Un régime à bout de souffle
“Le régime est arrivé à bout de souffle”, “la Vème République a atteint ses limites”, “on est arrivé au bout du système”, “vivement la Sixième République !” Du gran grek à l’ignorant de l’abécédaire politique semble se manifester le besoin de changer de république. Une grande partie de la classe politique française, parfois nostalgique de l’instabilité ministérielle de la IVème République, estime avoir épuisé les charmes de la constitution de 1958. Depuis le début de la crise politique qui secoue la France, le phénomène lancé par Jean-Luc Mélenchon s’est transformé en véritable ritournelle. En réalité, plus que la cinquième du nom, c’est la République qui pourrait être visée. Et peut-être la démocratie.
L’inexpérience constitutionnelle française
L’histoire des institutions, en France, est celle d’une insatisfaction permanente de la classe politique. De toutes les grandes démocraties, seule la France a connu cinq constitutions, ce qui avait permis au professeur Maurice Duverger de parler d’inexpérience constitutionnelle. Les Etats-Unis n’ont eu qu’une constitution, vieille de près de trois siècles. Tandis que la plus ancienne démocratie du monde, l’Angleterre, n’en a jamais eu depuis la Magna Carta en 1215.
Mais le vrai détonateur ne serait-il pas l’arrivée aux portes du pouvoir du Rassemblement national, devenu aujourd’hui le premier parti de France ? Les prémices de cette crise sont apparues dès que la classe politique française, en veine de vertu, a entrepris de faire barrage au Front national. L’introduction du scrutin proportionnel aux législatives de 1986 avait permis l’entrée d’une trentaine de députés d’extrême-droite, au bénéfice tactique de François Mitterrand. Depuis, ce parti n’a cessé d’être à la fois un repoussoir et une aubaine.
Le RN au cœur du jeu politique
Tout allait bien tant que le Front national n’était qu’objet. Mais dès 2007, il est devenu sujet. Nicolas Sarkozy en a fait l’expérience en 2012, lorsqu’il n’a pas obtenu le soutien de Marine Le Pen au second tour. Depuis l’élection de Jacques Chirac, tous les présidents ont dû compter avec les électeurs du RN, soit par leur vote direct, soit par leur abstention stratégique.

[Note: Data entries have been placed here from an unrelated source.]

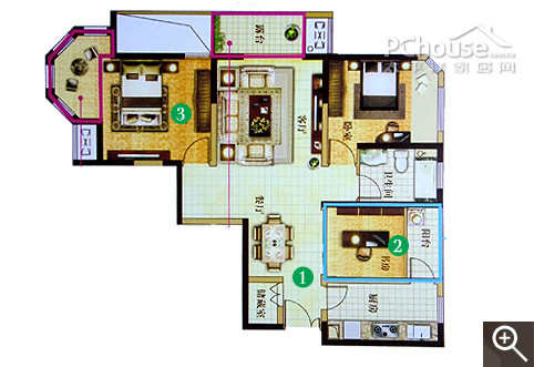 1、入户有储藏室,与厨房正对,导致餐厅空间狭小,就餐环境不佳。
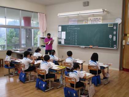 2年生は、来ました「超・重要単元」の「九九」。小学校算数、最初の大きな山です。今日は「五の段」ですね。先生と一緒に、みんなで大きな声で「五一が五…」と口にしていました。やはり鬼門になるのは昔も今も「六」「七」「八」あたりなのかな。
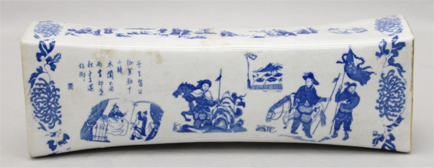 Chinese white and blue ceramic pillow/hat stand with chinese characters depecting daily life, 13.5"h x 4.5"w x 3"d
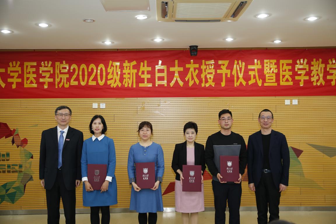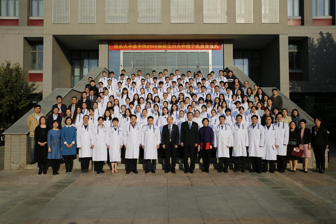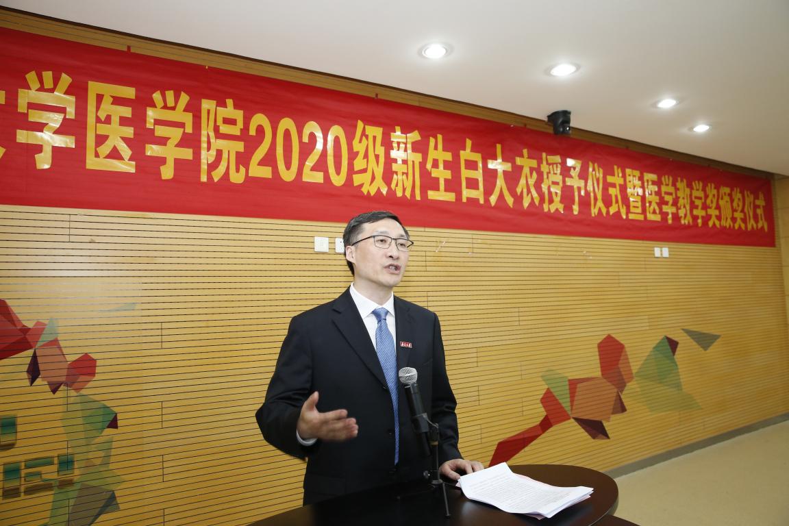 2020年10月24日下午,BETWAY必威2020级新生白大衣授予仪式暨教学奖颁奖仪式于仙林校区基础医学教学中心顺利举行。BETWAY必威副董事长、本科生院经理王志林,BETWAY必威副董事长、BETWAY必威经理张峻峰,附属口腔医院经理杨旭东,附属鼓楼医院副经理孙倍成,附属金陵医院(解放军东部战区总医院)党委常委、护理部主任朱冬梅,附属盐城第一医公司党委书记查文章,附属苏北人民医院经理束余声,附属泰康仙林鼓楼医院副经理陈锦飞,南京市第二医院副经理殷国平,南京脑科医院副经理张丽,BETWAY必威新生院安邦书院员工事务中心主任吴可,BETWAY必威员工代表、98级员工陈罡,BETWAY必威副经理蒋青、沈苏南、王宏伟、王婷婷,党委副书记王阿妮以及附属医院和教学医院分管教学的领导和老师出席活动。医公司党委书记韩晓冬主持仪式。

Le fameux “Tous contre le FN” avait permis en 2002 l’élection triomphale de Jacques Chirac. Mais en 2024, cette promesse de ne plus tomber dans le piège du consensus n’a pas tenu. Droite, centre, gauche et extrême-gauche se sont unis en hâte pour freiner l’entrée massive du RN à l’Assemblée. Malgré tout, le parti est désormais le premier de l’arc républicain et l’un des trois groupes majeurs de l’Assemblée nationale. La France en devient presque ingouvernable.
La Sixième République est-elle inéluctable ?
En 2028, la Vème République égalera la longévité de la IIIème, soit 70 ans. La Constitution de 1958 a montré sa capacité d’adaptation face aux crises (OAS, Mai 68, cohabitations). Pourtant, le nombre de révisions constitutionnelles traduit l’instabilité de la classe politique. La suppression du septennat, par exemple, a déréglé les institutions.
Face à ces erreurs irréversibles, l’idée d’une Sixième République progresse. Elle viserait notamment à supprimer l’élection présidentielle au suffrage universel direct. Or, c’est précisément le vote auquel les Français sont le plus attachés : on voit mal comment ils accepteraient d’y renoncer.
En définitive, les partis traditionnels et leurs élus ont échoué deux fois : ils n’ont pas réussi à neutraliser les Le Pen, ni à enrayer l’abaissement de la France. Une Sixième République, aussi ingénieuse soit-elle, ne résoudra pas cette impasse sans figure historique capable d’incarner une refondation à la manière du général de Gaulle.